Association between CYP17A1 rs743572 polymorphism and cancer risk: A meta-analysis

Abstract

The role of the CYP17A1 gene’s rs743572 polymorphism in cancer susceptibility has been a subject of extensive investigation, yet existing evidence remains inconclusive. In this meta-analysis, we systematically reviewed and synthesized data from 29 studies to assess the CYP17A1 rs743572 polymorphism’s relationship with cancer susceptibility. We strictly searched on EMBASE, PubMed, and Web of Science databases and explored rs743572 polymorphism’s association with cancer risks according to search strategy, enrolling 29 studies (13,767 cases and 17,441 controls). rs743572 was markedly related to enhanced cancer susceptibility risk; FPRP and TSA analyses were employed for confirmation. According to cancer type-based stratified analyses, rs743572 exhibited a notable association with bladder cancer, breast cancer, non-Hodgkin lymphoma, and hepatocellular cancer. In conclusion, systematic meta-analysis suggests a significant role for the rs743572 polymorphism in cancer pathogenesis, with particular prominence observed in bladder cancer, breast cancer, non-Hodgkin lymphoma, and hepatocellular cancer.

Citation: Wang B, Cao Z, Li Y, Zou H (2025) Association between CYP17A1 rs743572 polymorphism and cancer risk: A meta-analysis. PLoS One 20(6): e0326843. https://doi.org/10.1371/journal.pone.0326843

Editor: Charushila Yuvraj Kadam, Sukh Sagar Medical College and Hospital, INDIA

Received: November 19, 2024; Accepted: June 6, 2025; Published: June 25, 2025

Copyright: © 2025 Wang et al. This is an open access article distributed under the terms of the Creative Commons Attribution License, which permits unrestricted use, distribution, and reproduction in any medium, provided the original author and source are credited.

Data Availability: All relevant data are within the paper and its Supporting Information files.

Funding: This research was funded by grants from Chongqing Young and Middle-aged Medical High-end Talents (No. YXGD202405), Chongqing District and County Head Goose Talents, Chongqing Science and Technology and Health Joint Scientific Research Project on Traditional Chinese Medicine (No. 2024ZYYB036), and Chongqing Banan District Science and Technology and Health Joint Scientific Research Project on Traditional Chinese Medicine (No. BNWJ202300112). The funders had no role in study design, data collection and analysis, decision to publish, or preparation of the manuscript.

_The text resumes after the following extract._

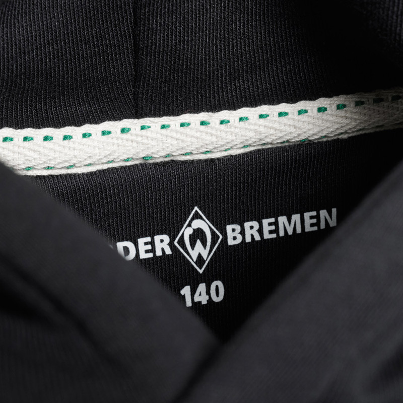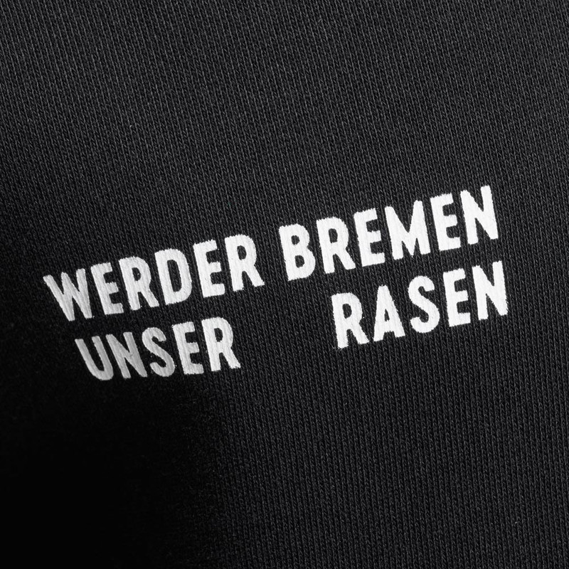 ProduktdetailsDieser schwarze Teens Hoodie ist ein besonderer Hingucker in deiner Werder-Garderobe! Jetzt kannst du ein Stück Stadionrasen immer mit dir tragen!Die Kapuze und die Kängurutasche sorgen für eine ideale Alltagstauglichkeit, die Rippbündchen an Ärmelenden und Saum für einen guten Sitz.Das Highlight des Hoodies ist das kreative Design: eine detaillierte botanische Illustration von einem Stück Rasen und dessen Blüte gerahmt in einer weißen Raute und unserem Schriftzug „Werder Bremen – Unser Rasen“ ist auf der Rückseite abgebildet.Auf der Vorderseite wird die Illustration in kleinerer Darstellung auf der linken (Herz-)Seite aufgegriffen. Auf der rechten Vorderseite findet sich der „Werder Bremen – Unser Rasen“-Schriftzug in Weiß wieder.Unser Rasen kann also auch blühen! Eine Wissenschaft für sich, aber enorm wichtig für das Spiel der Profis: Die Rasenpflege im Weserstadion! Dieser Teens Hoodie ist pures Stadion-Feeling!#frischesBesonderheitenHinweise zur NachhaltigkeitDieses Produkt trägt den Grünen Knopf. Das heißt: hohe soziale und ökologische Standards. Vom Staat festgelegt und von unabhängigen Prüfern kontrolliert. CHAPS Merchandising GmbH trägt die Produktverantwortung für diesen „Grüner Knopf”-zertifizierten Artikel.Dieser Artikel ist ebenfalls mit dem GOTS-Label ausgezeichnet, dem Global Organic Textile Standard, welches die Anforderungen an eine ökologisch- und sozialverträgliche Textilproduktion von biologisch erzeugten Rohstoffen unterliegt.Mehr Informationen zu diesen Themen findet ihr unter:Grüner Knopf: https://www.gruener-knopf.de/GOTS: https://global-standard.org/the-standard UnisexHoodie in SchwarzRückseite: detaillierte botanische Illustration von der Rasenblüte gerahmt in einer weißen Raute und unserem Schriftzug „Werder Bremen – Unser Rasen“links auf der Vorderseite: detaillierte botanische Illustration vom Rasen gerahmt in einer weißen Rauterechts auf der Vorderseite: „Werder Bremen – Unser Rasen“-Schriftzug in WeißKängurutascheRippbündchen an Ärmelenden und SaumKapuzeAngaben zum HerstellerWerder Bremen Merchandising GmbH Hoerneckestraße 11/13 DE-28217 Bremenfanshop@werder.de

Competing interests: The authors have declared that no competing interests exist.

1. Introduction

Cancer remarkably affect public health worldwide. As per the GLOBOCAN 2020 report, the anticipated figures for 2020 indicate a staggering 19.3 million new cancer cases and 10.0 million deaths globally [1]. A multitude of environment- and gene-related factors contribute to the emergence of cancer, though the underlying mechanisms remain incompletely elucidated [2].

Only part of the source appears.